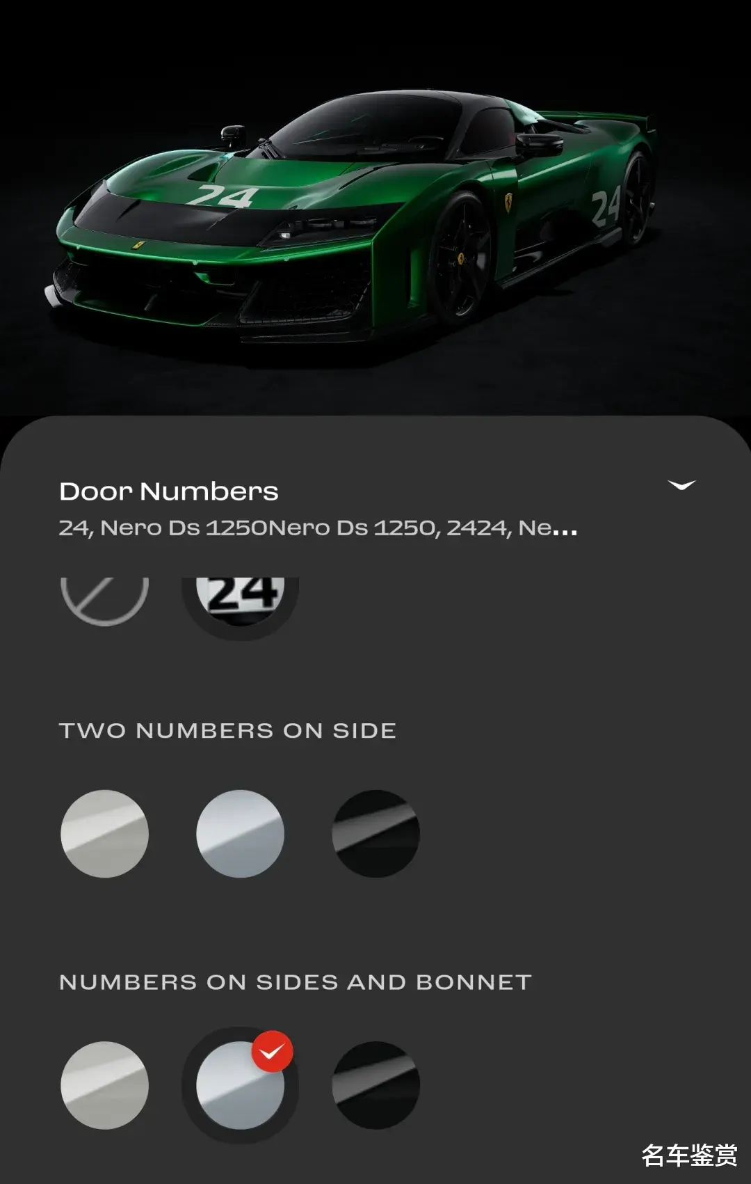 选择完颜色后,你还可以挑选车门号码。可以选择无号码、车门号码、侧面和前引擎盖上的号码。多种中心条纹选项以红色、黄色和黑色细条纹开始,搭配丰富的较粗中间条纹选择,或者你也可以选择17种色调中的任意一种作为单一粗条纹。
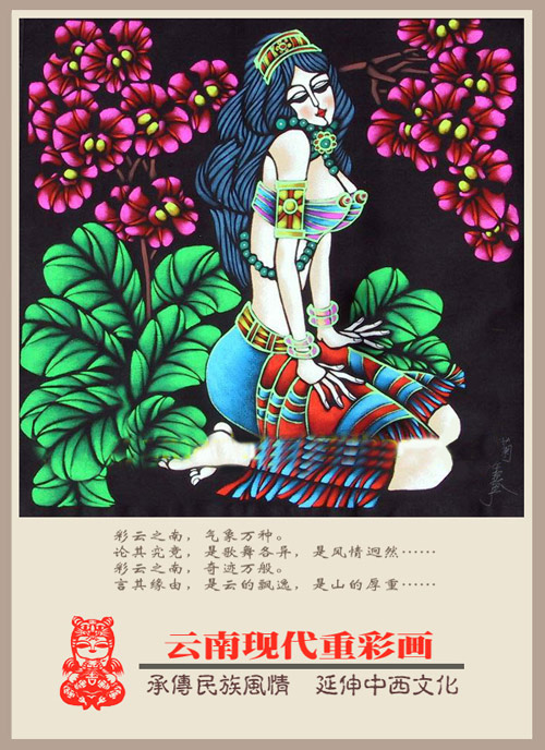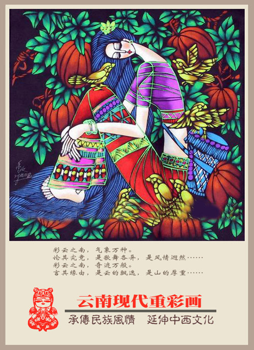 云南现代重彩画是20世纪80年代初由丁绍光、蒋铁峰等一批云南中年画家研创的。他们以中国画的线条造型,应用中国画所没有的而西方现代绘画中重醒目的斑澜色彩给画面注入了勃勃生机和绚丽色彩,给人一种赏心悦目之感,它的内容大多是反映云南优美的自然风光,少数民族风情和历史文化,具有浓郁的民族的地方特色。
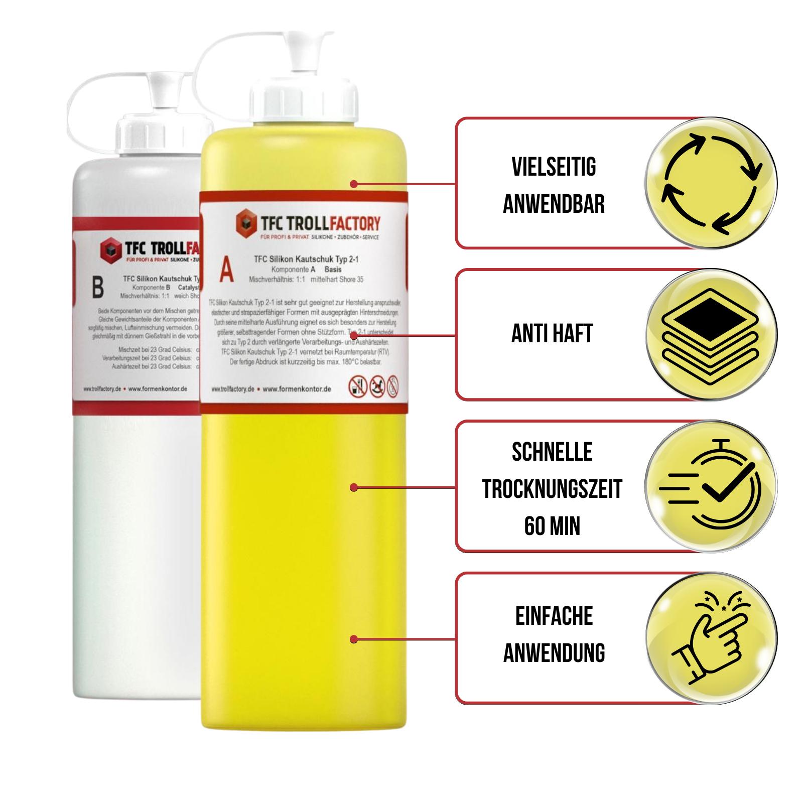 TFC Silikon Kautschuk Typ 2-1 Abformsilikon mittelhart gelb 1:1 RTV NV

What you are asked to do ▸ The material above is to be repeated word for word, with no images kept.

Result for this task ▸
 选择完颜色后,你还可以挑选车门号码。可以选择无号码、车门号码、侧面和前引擎盖上的号码。多种中心条纹选项以红色、黄色和黑色细条纹开始,搭配丰富的较粗中间条纹选择,或者你也可以选择17种色调中的任意一种作为单一粗条纹。
 云南现代重彩画是20世纪80年代初由丁绍光、蒋铁峰等一批云南中年画家研创的。他们以中国画的线条造型,应用中国画所没有的而西方现代绘画中重醒目的斑澜色彩给画面注入了勃勃生机和绚丽色彩,给人一种赏心悦目之感,它的内容大多是反映云南优美的自然风光,少数民族风情和历史文化,具有浓郁的民族的地方特色。
 TFC Silikon Kautschuk Typ 2-1 Abformsilikon mittelhart gelb 1:1 RTV NV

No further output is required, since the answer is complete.